Top of MATERIAL PROVIDED

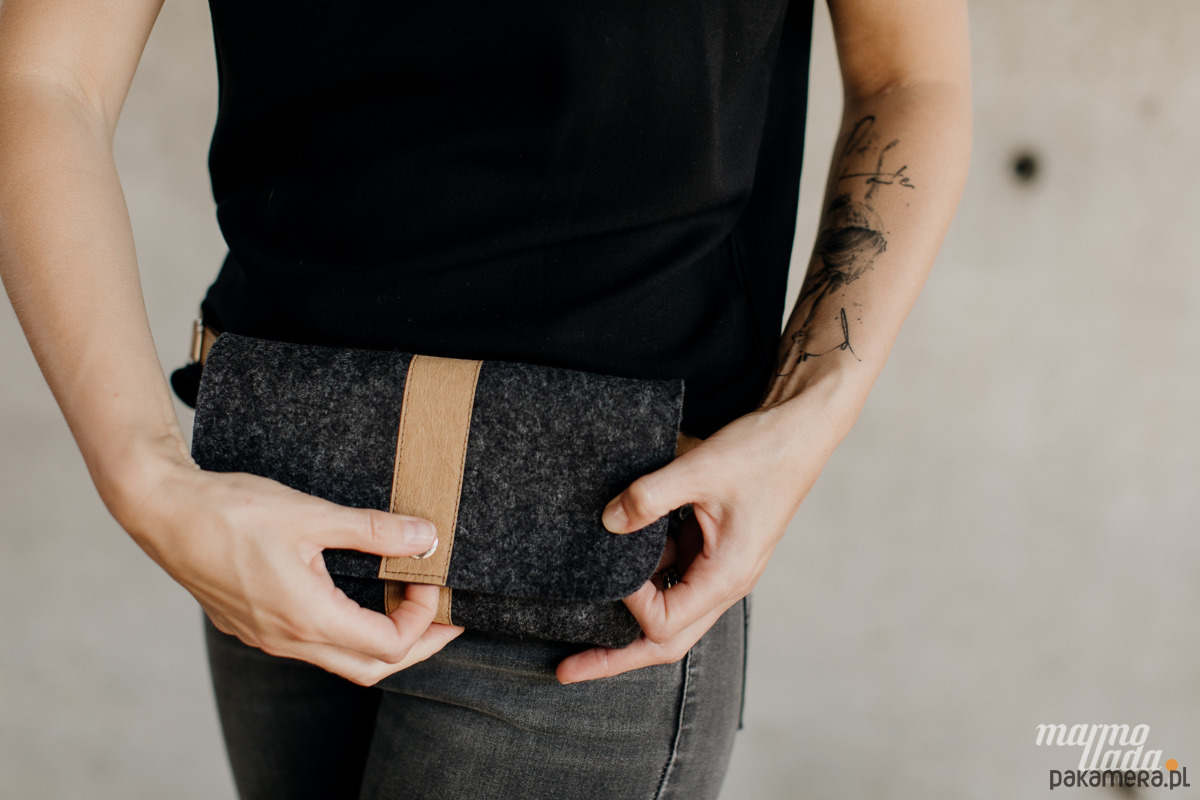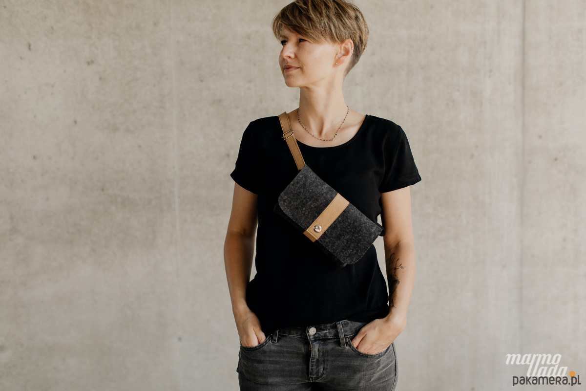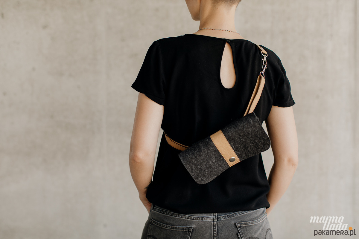 Niewielka torebka jest wykonana z grubego wełnianego filcu w kolorze grafitowym. Ma regulowany pasek wykonany z piaskowego papieru, jest zapinana na zatrzask. W zależności od potrzeby torebkę można nosić jako:
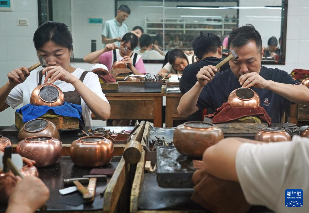 在位于江西省贵溪市的江西中鼎金属工艺有限公司的车间里,匠人们在雕刻铜壶(7月13日摄)。
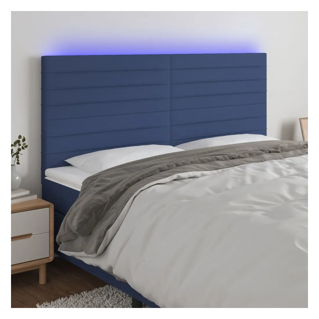 Cette tête de lit à LED classique, au design élégant, donne à votre cadre de lit une touche de modernité étonnante et convient parfaitement à toute chambre à coucher. Tissu durable : le tissu présente un aspect simple et épuré, et il est respirant et durable. LED colorée : apportez de l'éclairage dans l'obscurité avec des lumières LED colorées ! Hauteur réglable : la tête de lit est réglable en hauteur selon vos préférences. Excellent soutien : la tête de lit vous offre un excellent soutien du dos lorsque vous êtes assis dans votre lit pour lire ou regarder la télévision. Bande à LED découpable : cette bande à LED flexible peut être ajustée en longueur. Le symbole des ciseaux indique où la bande peut être coupée en toute sécurité sans l'endommager. Remarque : Seule la partie avec un sy
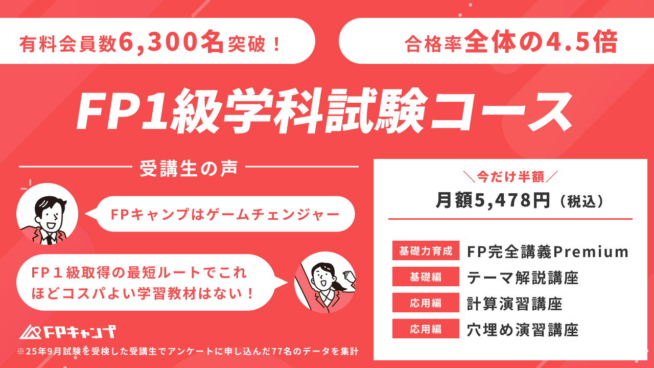 FPキャンプ1級学科試験コースはこの険しい道のりを突破するために必要十分なコンテンツを揃え、受講生の皆様を合格に導きます。
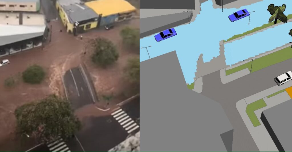 “Com isso, a gente consegue fazer uma modelagem hidrológica, uma representação do sistema real. Vou saber que quantidade de água de chuva que atinge, quanto vai virar vazão. E dessa vazão, depois, com o modelo hidráulico, eu sei quanto que isso vai extravasar da calha do rio e o que vai gerar a inundação.”
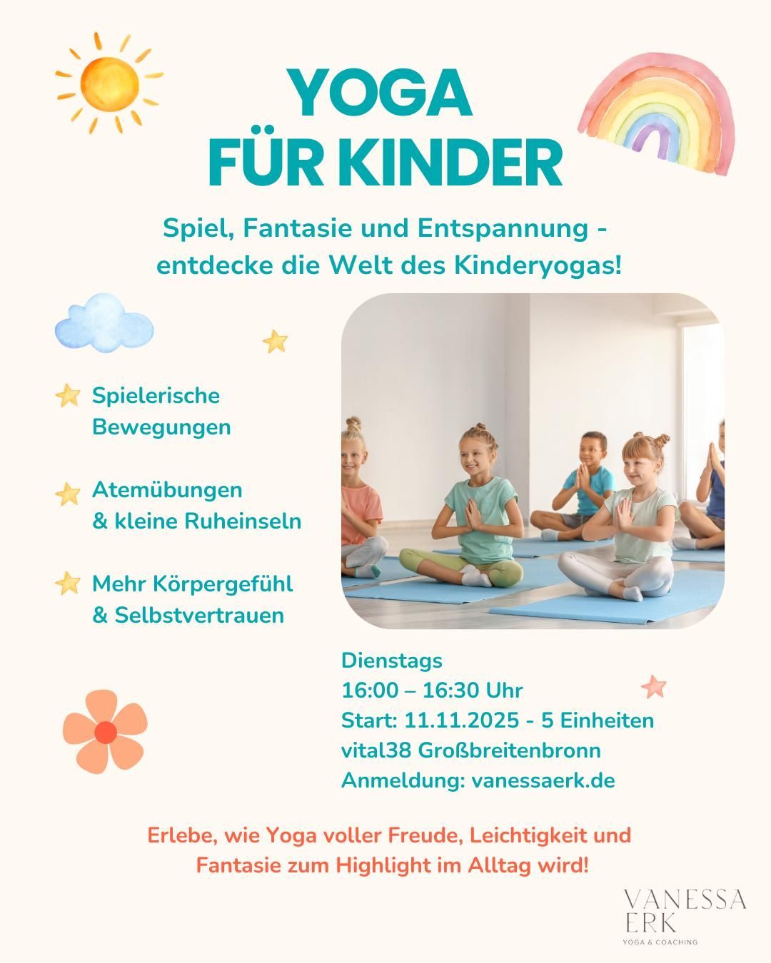 Wir freuen uns so sehr, dass wir euch endlich wieder Yoga für Kinder von 4 - 6 Jahren anbieten können! Im November gehts los mit Vanessa Erk.
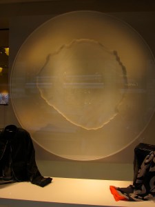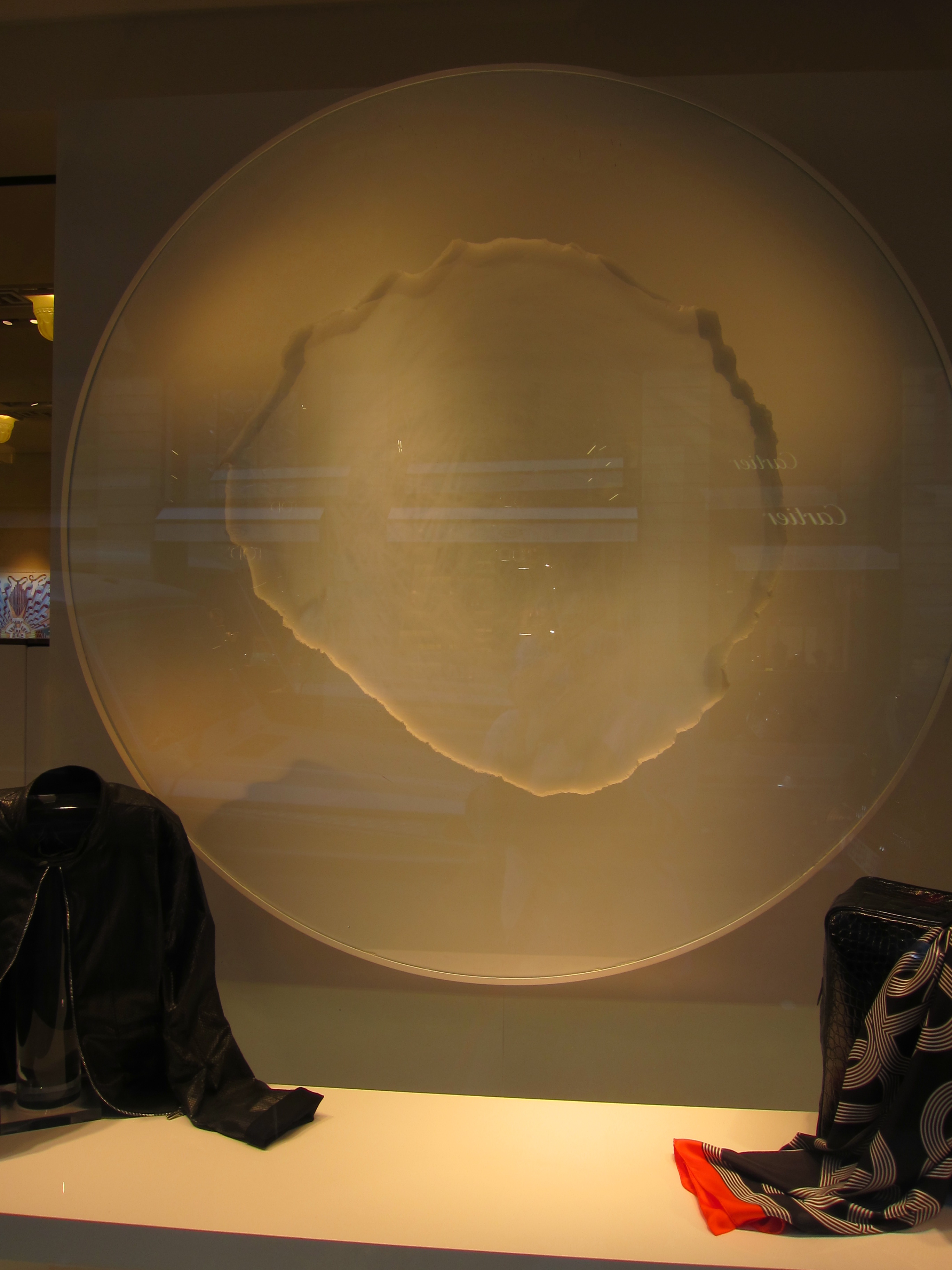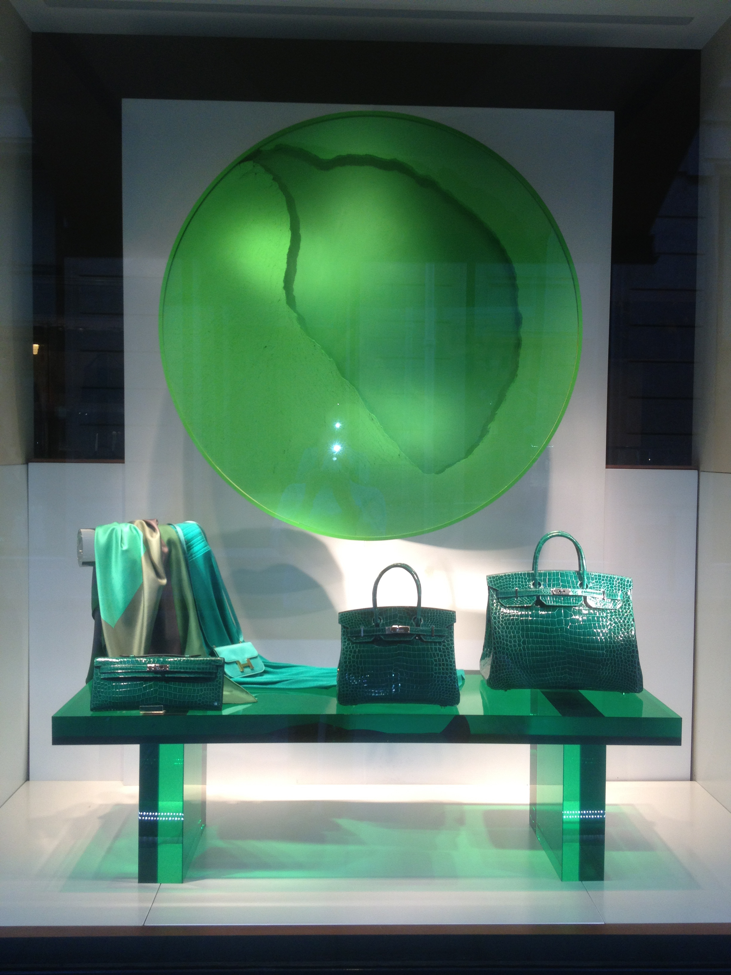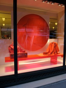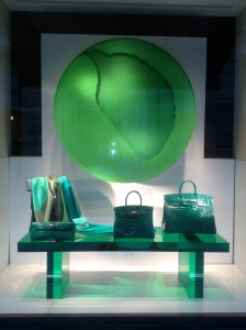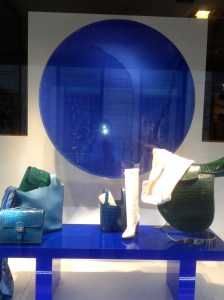 Ever since then I haven’t been able to get those windows out of my mind. They were amazing- even for Hermes. Each window has a giant mesh wheel holding a chalk-like substance. The wheel turns, ever so slowly, causing the colored powder to cling to the top of the wheel or fall down, creating mesmerizing designs. Oh yeah- they also have Hermes products of the same color scattered around the wheel, but those almost seem like afterthoughts. The wheels are the main attractions. My pictures aren’t great- I still struggle with reflection when I take photos of windows- but I hope you can get the idea.

Bottom of MATERIAL PROVIDED

• REQUIRED WORK:
Repeat each entry exactly as it appears; skip any picture.

• EXPECTED OUTPUT:
 Niewielka torebka jest wykonana z grubego wełnianego filcu w kolorze grafitowym. Ma regulowany pasek wykonany z piaskowego papieru, jest zapinana na zatrzask. W zależności od potrzeby torebkę można nosić jako:
 在位于江西省贵溪市的江西中鼎金属工艺有限公司的车间里,匠人们在雕刻铜壶(7月13日摄)。
 Cette tête de lit à LED classique, au design élégant, donne à votre cadre de lit une touche de modernité étonnante et convient parfaitement à toute chambre à coucher. Tissu durable : le tissu présente un aspect simple et épuré, et il est respirant et durable. LED colorée : apportez de l'éclairage dans l'obscurité avec des lumières LED colorées ! Hauteur réglable : la tête de lit est réglable en hauteur selon vos préférences. Excellent soutien : la tête de lit vous offre un excellent soutien du dos lorsque vous êtes assis dans votre lit pour lire ou regarder la télévision. Bande à LED découpable : cette bande à LED flexible peut être ajustée en longueur. Le symbole des ciseaux indique où la bande peut être coupée en toute sécurité sans l'endommager. Remarque : Seule la partie avec un sy
 FPキャンプ1級学科試験コースはこの険しい道のりを突破するために必要十分なコンテンツを揃え、受講生の皆様を合格に導きます。
 “Com isso, a gente consegue fazer uma modelagem hidrológica, uma representação do sistema real. Vou saber que quantidade de água de chuva que atinge, quanto vai virar vazão. E dessa vazão, depois, com o modelo hidráulico, eu sei quanto que isso vai extravasar da calha do rio e o que vai gerar a inundação.”
 Wir freuen uns so sehr, dass wir euch endlich wieder Yoga für Kinder von 4 - 6 Jahren anbieten können! Im November gehts los mit Vanessa Erk.
 Ever since then I haven’t been able to get those windows out of my mind. They were amazing- even for Hermes. Each window has a giant mesh wheel holding a chalk-like substance. The wheel turns, ever so slowly, causing the colored powder to cling to the top of the wheel or fall down, creating mesmerizing designs. Oh yeah- they also have Hermes products of the same color scattered around the wheel, but those almost seem like afterthoughts. The wheels are the main attractions. My pictures aren’t great- I still struggle with reflection when I take photos of windows- but I hope you can get the idea.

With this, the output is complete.